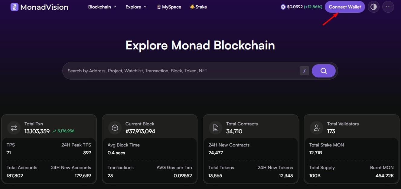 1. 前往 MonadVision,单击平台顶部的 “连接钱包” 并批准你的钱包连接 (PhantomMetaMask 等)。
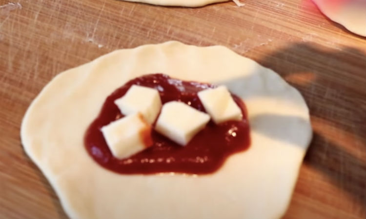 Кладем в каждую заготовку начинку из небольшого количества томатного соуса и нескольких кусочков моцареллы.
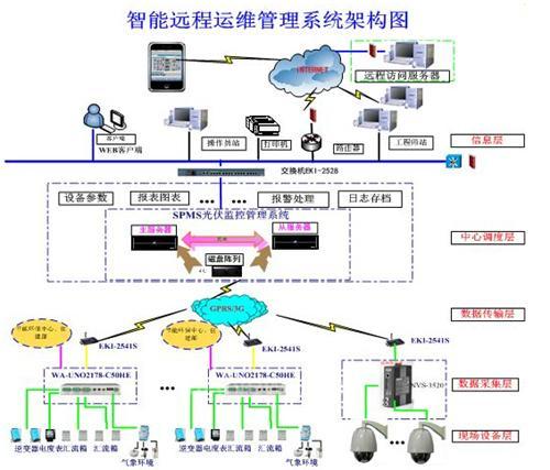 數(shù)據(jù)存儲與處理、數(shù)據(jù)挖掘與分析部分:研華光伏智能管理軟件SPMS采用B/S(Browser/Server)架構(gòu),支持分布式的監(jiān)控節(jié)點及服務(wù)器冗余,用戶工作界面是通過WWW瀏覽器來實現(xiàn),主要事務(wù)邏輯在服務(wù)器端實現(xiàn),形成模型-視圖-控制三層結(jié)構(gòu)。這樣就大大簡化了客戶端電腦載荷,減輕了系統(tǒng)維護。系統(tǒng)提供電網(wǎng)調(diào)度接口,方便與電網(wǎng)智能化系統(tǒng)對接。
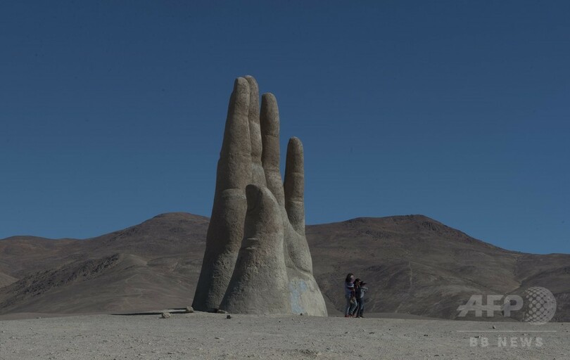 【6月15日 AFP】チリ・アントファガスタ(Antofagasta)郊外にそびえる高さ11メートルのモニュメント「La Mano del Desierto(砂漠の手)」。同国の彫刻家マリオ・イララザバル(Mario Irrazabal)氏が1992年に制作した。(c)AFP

+--

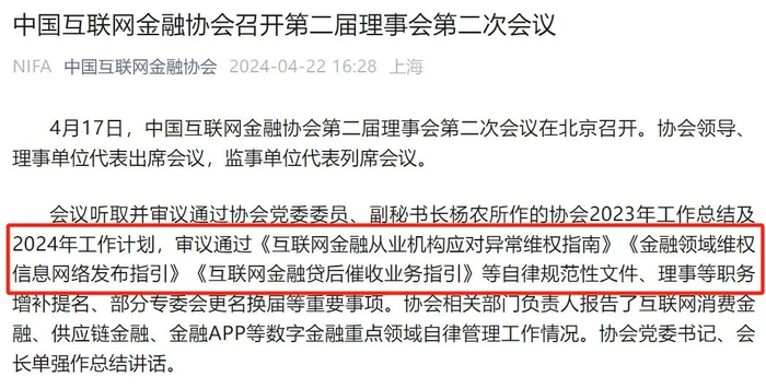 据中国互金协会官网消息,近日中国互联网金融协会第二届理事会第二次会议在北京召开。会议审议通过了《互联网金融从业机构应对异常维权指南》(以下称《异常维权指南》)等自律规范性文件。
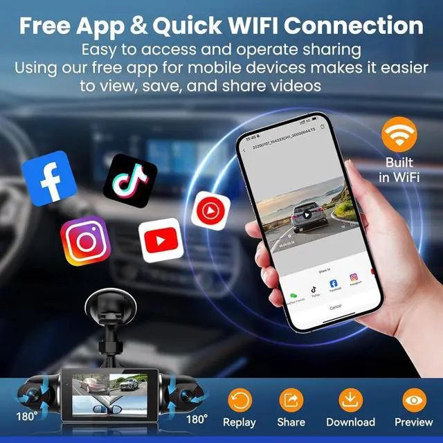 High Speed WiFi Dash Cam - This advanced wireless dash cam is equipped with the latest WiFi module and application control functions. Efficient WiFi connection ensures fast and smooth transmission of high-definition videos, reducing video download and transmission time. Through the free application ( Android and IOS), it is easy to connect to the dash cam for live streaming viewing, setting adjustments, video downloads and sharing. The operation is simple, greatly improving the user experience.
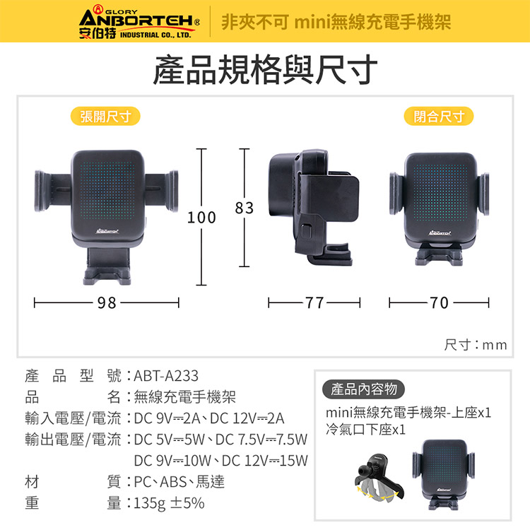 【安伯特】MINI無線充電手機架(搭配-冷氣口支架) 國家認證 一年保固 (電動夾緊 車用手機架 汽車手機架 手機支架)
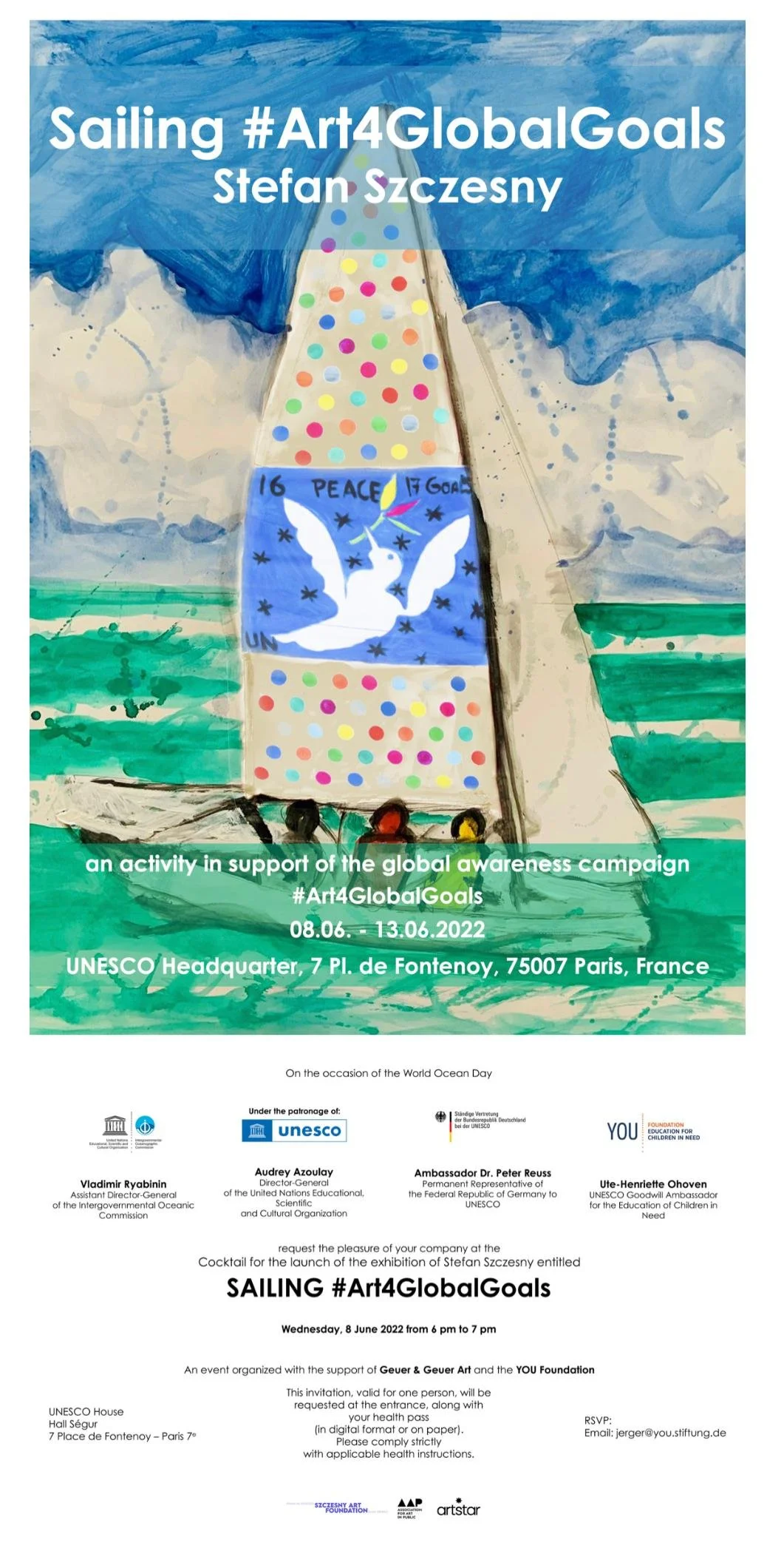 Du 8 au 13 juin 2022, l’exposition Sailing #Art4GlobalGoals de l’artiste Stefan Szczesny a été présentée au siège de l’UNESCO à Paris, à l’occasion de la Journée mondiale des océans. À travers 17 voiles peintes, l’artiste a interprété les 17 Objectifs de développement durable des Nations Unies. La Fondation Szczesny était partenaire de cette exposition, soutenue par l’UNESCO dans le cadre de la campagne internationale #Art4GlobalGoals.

+--

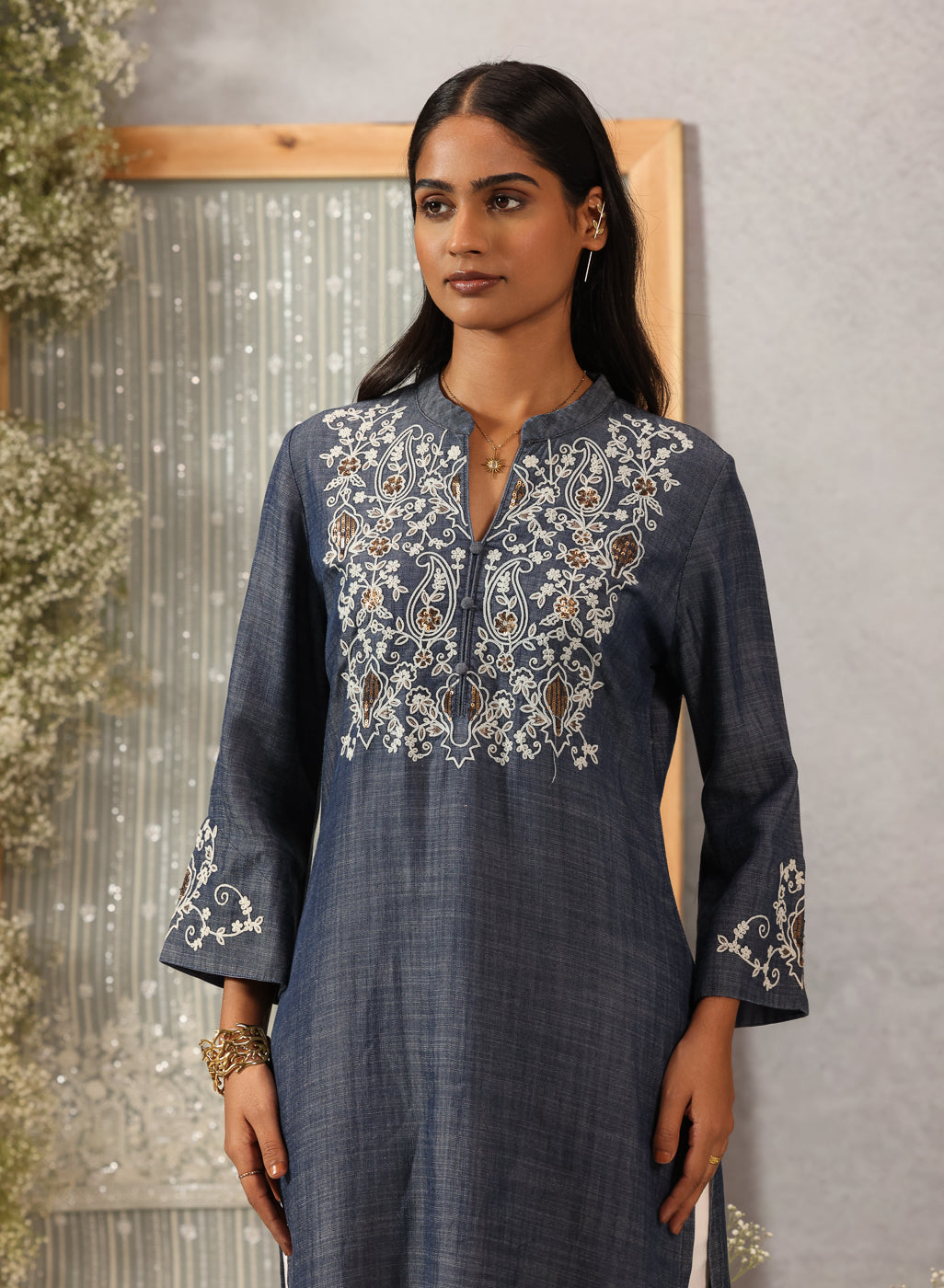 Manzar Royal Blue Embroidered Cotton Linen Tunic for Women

+--

EXERCISE AIM
Give back exactly, and solely, the section of the data above bounded by the line containing "据中国互金协会官网消息,近日" and the line containing "車用手機架 汽車手機架 手機支架)", both bounding lines included and pictures omitted.

TASK SOLUTION
 据中国互金协会官网消息,近日中国互联网金融协会第二届理事会第二次会议在北京召开。会议审议通过了《互联网金融从业机构应对异常维权指南》(以下称《异常维权指南》)等自律规范性文件。
 High Speed WiFi Dash Cam - This advanced wireless dash cam is equipped with the latest WiFi module and application control functions. Efficient WiFi connection ensures fast and smooth transmission of high-definition videos, reducing video download and transmission time. Through the free application ( Android and IOS), it is easy to connect to the dash cam for live streaming viewing, setting adjustments, video downloads and sharing. The operation is simple, greatly improving the user experience.
 【安伯特】MINI無線充電手機架(搭配-冷氣口支架) 國家認證 一年保固 (電動夾緊 車用手機架 汽車手機架 手機支架)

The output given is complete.